There was an outpouring Saturday of condemnation for anti-Semitism and support for the Jewish community affected by the mass shooting at the Tree of Life synagogue, where 11 people were killed and six injured after a gunman opened fire after reportedly yelling "all Jews must die."

President Trump decried anti-Semitism in the statements on the massacre that opened his speech at a campaign rally in Murphysboro, Ill.

"This evil anti-Semitic attack is an assault on all of us. It is an attack on humanity. It will require all of us working together to extract the hateful poison of anti-Semitism from our world," he told the crowd gathered in an airplane hangar.

Trump called for the death penalty in the incident and said anti-Semitism cannot be ignored or tolerated.

But anti-Semitism has seen a resurgence in recent years. The Anti-Defamation League reported that anti-Semitic incidents were up 57 percent over 2016, including a number of bomb threats to Jewish congregations in the first quarter of that year.

Trump's comments came after his daughter, White House adviser Ivanka Trump, issued a statement condemning the attacks, calling them "the acts of a depraved bigot and anti-Semite." She and her husband, Jared Kushner, are Jewish.

[More: Jim Mattis: Pittsburgh synagogue shooter the 'poorest excuse for a man']

Rabbis Marvin Hier and Abraham Cooper of the California-based human rights organization the Simon Wiesenthal Center called on Trump "to immediately convene an emergency meeting of religious leaders to help stop the slide to extremism," according to a joint statement issued by the center.

“Americans need and want leadership from both sides of the political aisle to stop the continuous slide to the brink," the statement reads.

Far-right protesters at the Unite the Right rally in Charlottesville, Va., chanted "Jews will not replace us" and other anti-Semitic slogans in August 2017, though the rally was intended in part to protest the removal of a Confederate monument to Robert E. Lee. A counterprotester, Heather Heyer, was killed when a man deliberately drove his car into the crowd.

Trump, who in the aftermath of the Charlottesville riot pointed to good people on both sides, unequivocally condemned anti-Semitism on Saturday.

"It must be confronted and condemned everywhere it rears its ugly head. We must stand with our Jewish brothers and sisters to defeat anti-Semitism and vanquish the forces of hate," he said in Illinois on Saturday.

Prime minister of Israel Benjamin Netanyahu also decried the incident, saying he and the people of Israel grieve with the families of those killed in the shooting and stand with the American people "in the face of this horrendous anti-Semitic brutality."

Other U.S.-based Jewish groups, including the Anti-Defamation League, were quick to condemn the anti-Semitic incident.

"We believe this is the deadliest attack on the Jewish community in the history of the United States," read a statement from the ADL.

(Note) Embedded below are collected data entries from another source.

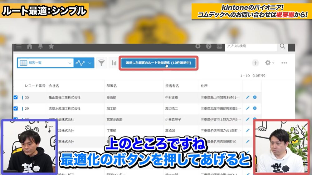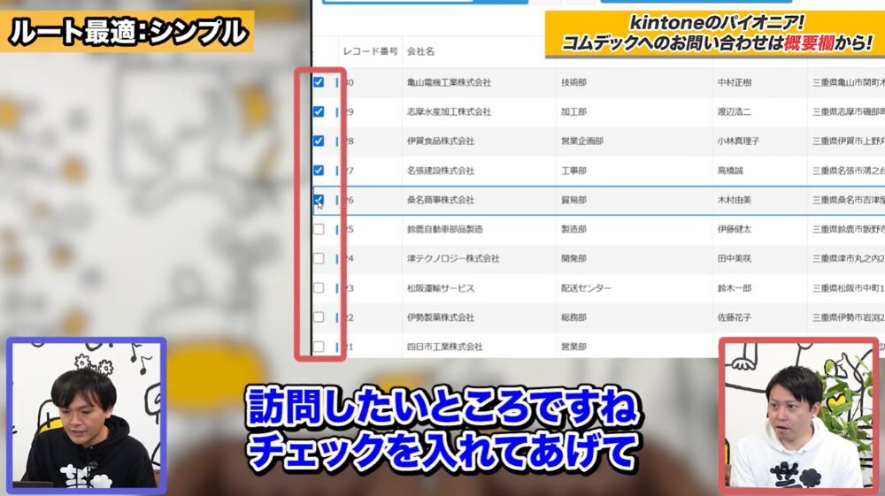 はじめに、kintoneの「顧客情報アプリ」のレコード一覧画面を開き、訪問したい企業10社にチェックを入れます。
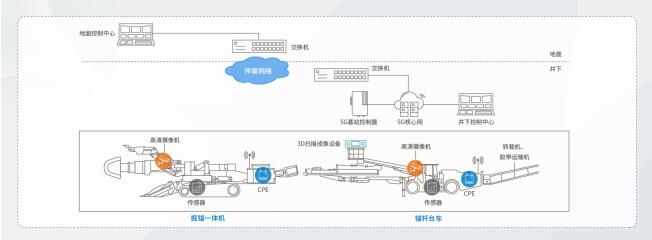 系統在井下順槽部署5G核心網、5G基站,在掘錨一體機和錨桿臺車上部署CPE,這些設備上的高清攝像機、3D掃描成像儀、傳感器以及電氣控制系統通過CPE接入5G網絡,經由5G核心網與井下控制中心和地面控制中心監控系統對接,實現設備掘錨設備實時工況數據、3D成像數據、高清視頻和遠程控制指令等的傳輸。全方位展現掘進工作面場景;控制系統數據通過與設備的控制器實時通訊,可對設備進行遠程遙控操作,并對截割軌跡實時監測。
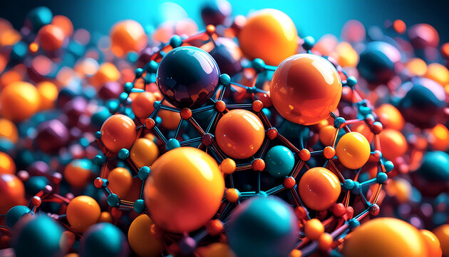 Colorful 3D atoms artwork. Pharmaceutical or biochemical abstract AI generated art.
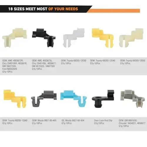 GOOACC 165-piece door lock rod clip set is an ideal solution for securing door lock mechanisms, tailgates, and door handles in your vehicles. This comprehensive set includes 18 different sizes of clips designed to fit various vehicle makes and models. Meeting or exceeding original equipment manufacturer (OEM) standards, these clips offer a reliable alternative to worn or broken parts. The various clips included in the set are suitable for many models of Chevrolet Silverado, GMC Sierra, GM Trucks, Ford, Chrysler, Toyota, and Mazda vehicles. This set not only offers wide compatibility but is also made from high-quality materials. The heavy-duty nylon construction ensures long-lasting and durable performance. The robust structure of the clips provides resistance against vibration and harsh weather conditions, guaranteeing the safe and smooth operation of your door locking systems. GOOACC door lock rod clips save you time with their ease of installation and eliminate the need for professional service. Choose the GOOACC 165-piece door lock rod clip set to restore the safety and functionality of your vehicle's door locking systems. This set is not just a spare part but also a long-term investment for your vehicle maintenance. GOOACC offers a wide range of retainers, clips, fasteners, and hardware with over 10,000 fasteners. This ensures that you can find the right part for your needs. Repair your vehicle's door locking systems with confidence and experience GOOACC quality.
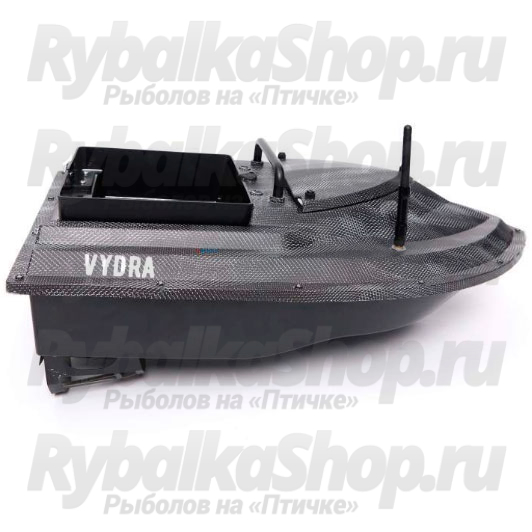 Кораблик имеет один центральный отсек верхней загрузки, который вмещает до 3000 граммов прикормки. Открытие и закрытие отсека осуществляется простым нажатием кнопки на пульте управления. VYDRA TURBO может буксировать различные оснастки, включая донные и поплавочные монтажи, а также спиннинговые приманки.

"It is simply unconscionable for Jews to be targeted during worship on a Sabbath morning, and unthinkable that it would happen in the United States of America in this day and age," the organization stated. In addition to weekly holy day services, many people at the synagogue were reportedly there to celebrate a naming ceremony for a baby boy.

The ADL also highlighted increases in anti-Semitic online harassment. A social media profile on the platform Gab, popular with members of the alt-right, bearing the name of the shooter, had shared anti-Semitic images and sentiments prior to the shooting.

The profile, which has not been confirmed as belonging to Bowers, was suspended by Gab following the shooting. The Twitter-like alternative social network touts itself as a platform for free speech.

A statement from the United States Holocaust Memorial Museum called on all Americans to promote social solidarity.

"The Museum reminds all Americans of the dangers of unchecked hatred and antisemitism which must be confronted wherever they appear," read a statement from the Washington, D.C.-based organization.